:: Problem to work on ::
Retype exactly what appears below from the line containing "Power transmission line" down to the line containing "Map of the municipal", keeping both end lines. Do not include pictures.

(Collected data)

+++

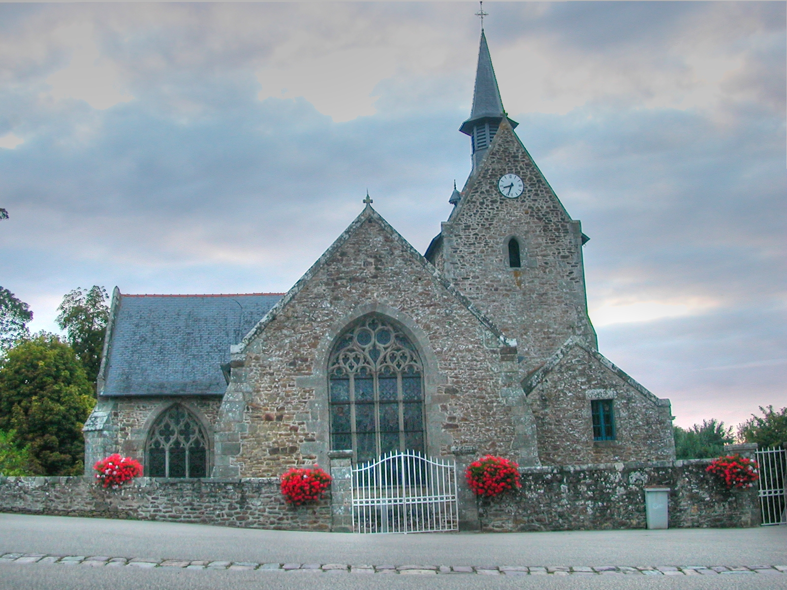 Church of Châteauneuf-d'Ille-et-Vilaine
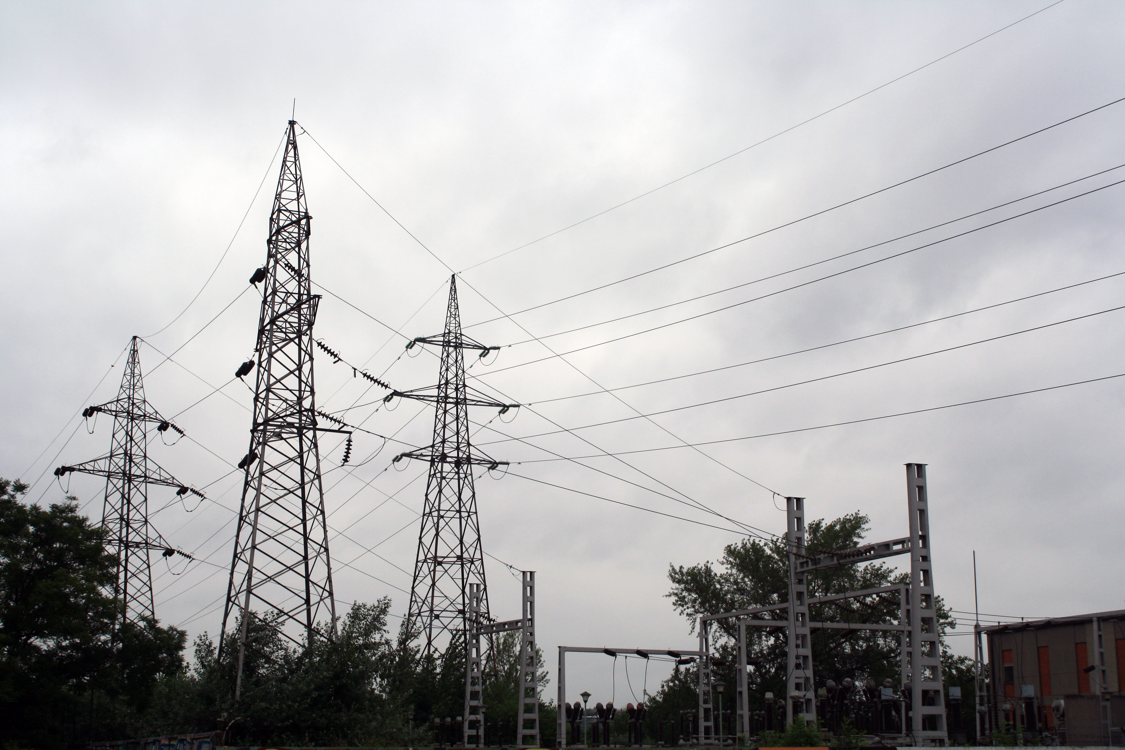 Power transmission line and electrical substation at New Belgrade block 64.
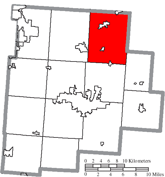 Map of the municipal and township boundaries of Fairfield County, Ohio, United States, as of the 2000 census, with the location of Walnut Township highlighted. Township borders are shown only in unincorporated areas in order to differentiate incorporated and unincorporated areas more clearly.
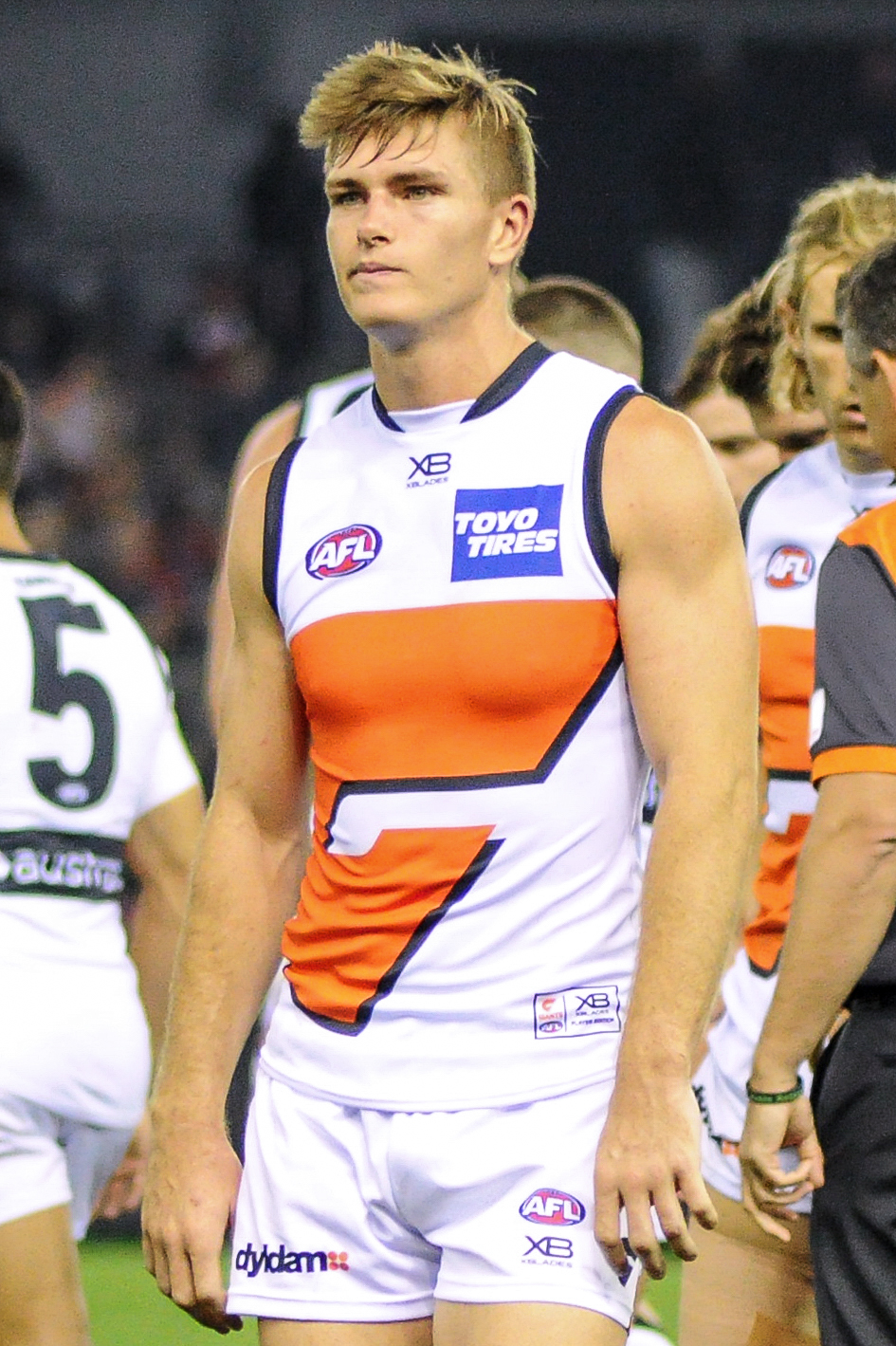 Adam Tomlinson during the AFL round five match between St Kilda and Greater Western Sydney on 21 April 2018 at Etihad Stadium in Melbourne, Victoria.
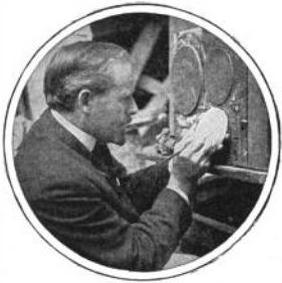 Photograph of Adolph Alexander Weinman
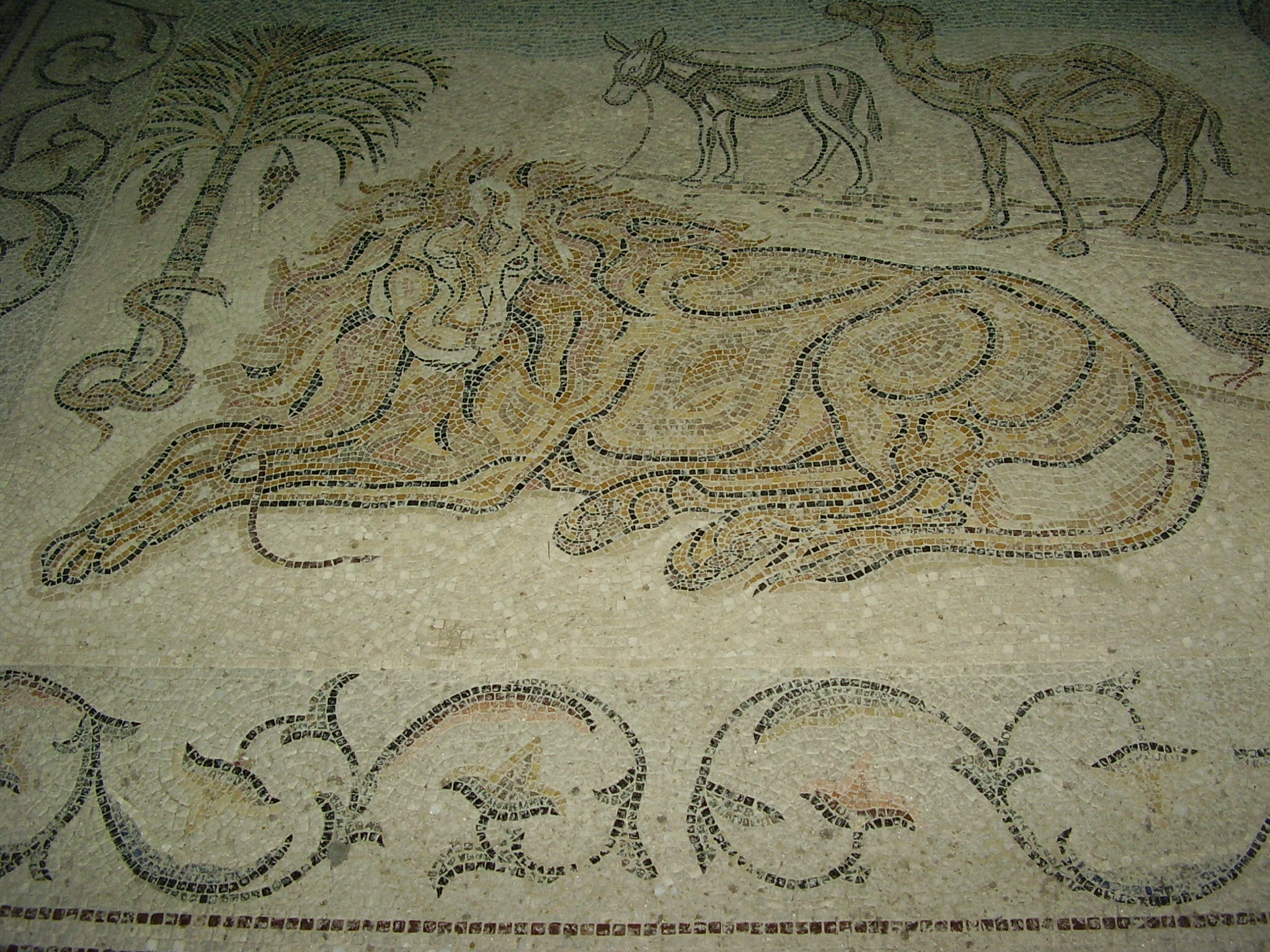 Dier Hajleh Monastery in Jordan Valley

+++

:: Task response ::
 Power transmission line and electrical substation at New Belgrade block 64.
 Map of the municipal and township boundaries of Fairfield County, Ohio, United States, as of the 2000 census, with the location of Walnut Township highlighted. Township borders are shown only in unincorporated areas in order to differentiate incorporated and unincorporated areas more clearly.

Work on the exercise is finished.